It’s a great struggle to unravel a paradigm of understanding. Paradigms have the feature of quickly organizing data and experience within a referential framework. Paradigms have the bug that when data and experience do not conform to that framework, solutions are hard to come by. Systemic bias is not a denial of reality so much as it is an unwillingness to examine the epistemic framework in which reality is processed and understood. A map or a table, if you prefer to speak philosophically. We (all thinkers, not just scientists) will go to great lengths to avoid a paradigmatic upheaval. So many squares will be pounded into circular holes before unlearning what we previously believed was true.
One example is the classical notion that the universe is compromised of matter and forces. It is such an ingrained popular notion that it takes enormous effort to unlearn this dualism. Coupled with the idea that electrons “orbit” a dense proton/neutron core, one learns anecdotally that atoms are mostly made of empty space. Both ideas are false. If electrons orbit the proton like a planet around a sun they would spiral into the core in less than a split second. If atoms were really mostly empty space then it should be rather easy to squish them together, which it is not.
The old paradigm could not account for this evidence. Subsequently, a new paradigm evolved. But here is the thing. Paradigms are not one-off events. It’s not as if we wipe away the old software and add a bunch of new software. Often, we are struggling to find the contours of such a paradigm with only a dim notion of what it might be but knowing well what it cannot be.

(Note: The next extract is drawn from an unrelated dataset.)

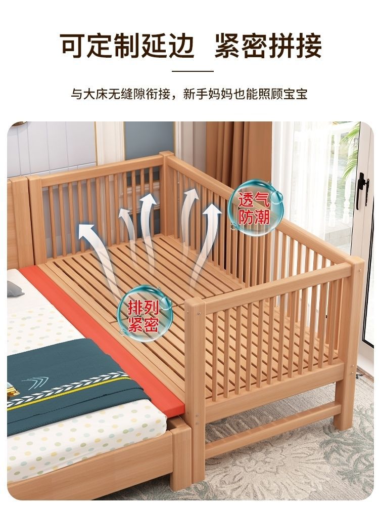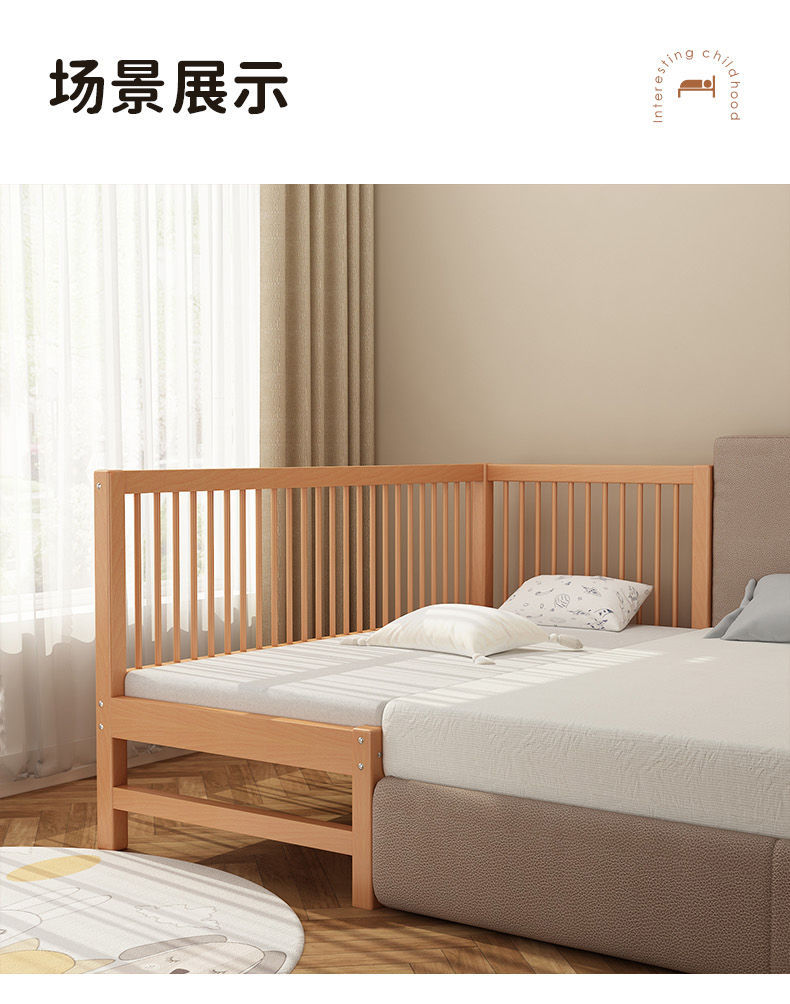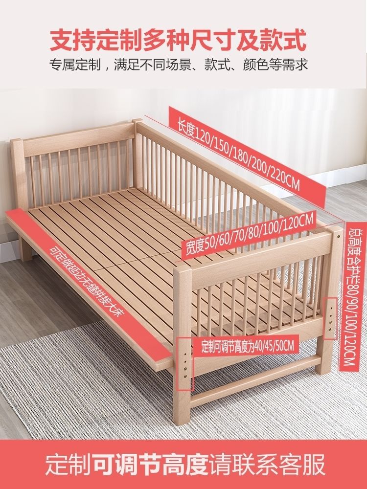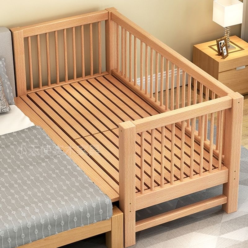 가드레일이 있는 너도밤나무 어린이 침대, 아기 싱글 침대, 소년 소녀 공주 침대, 대형 침대, 침대 옆에 접합된 침대

It took awhile before a new paradigm emerged, one in which the universe is field-like in nature. In one sense, the world is more abstract and harder to intuitively grasp. The distinction between force and matter is more of a taste than a hardwired empirical fact. In another sense, the new paradigm is much more satisfying, with several Ah! moments. The way in which the inverse square law of EM and gravity naturally jumps out from fundamental wave-like properties of interacting fields and unconstrained force carriers propagating at the speed of light through space. The way in which particles are excitations within quantum fields and are distinguished by those that can share the same quantum state (bosons) and those that cannot via the Pauli Exclusion Principle (fermions).
What is the truth? Our bias is to affirm a conclusion we thought was true. We are humbled by a conclusion that is shown to be false. Rather, we should be focused on a better result. Not “what is the truth” but rather “why is it false?” This is where our hard work begins, both the beginning and the culmination of our efforts.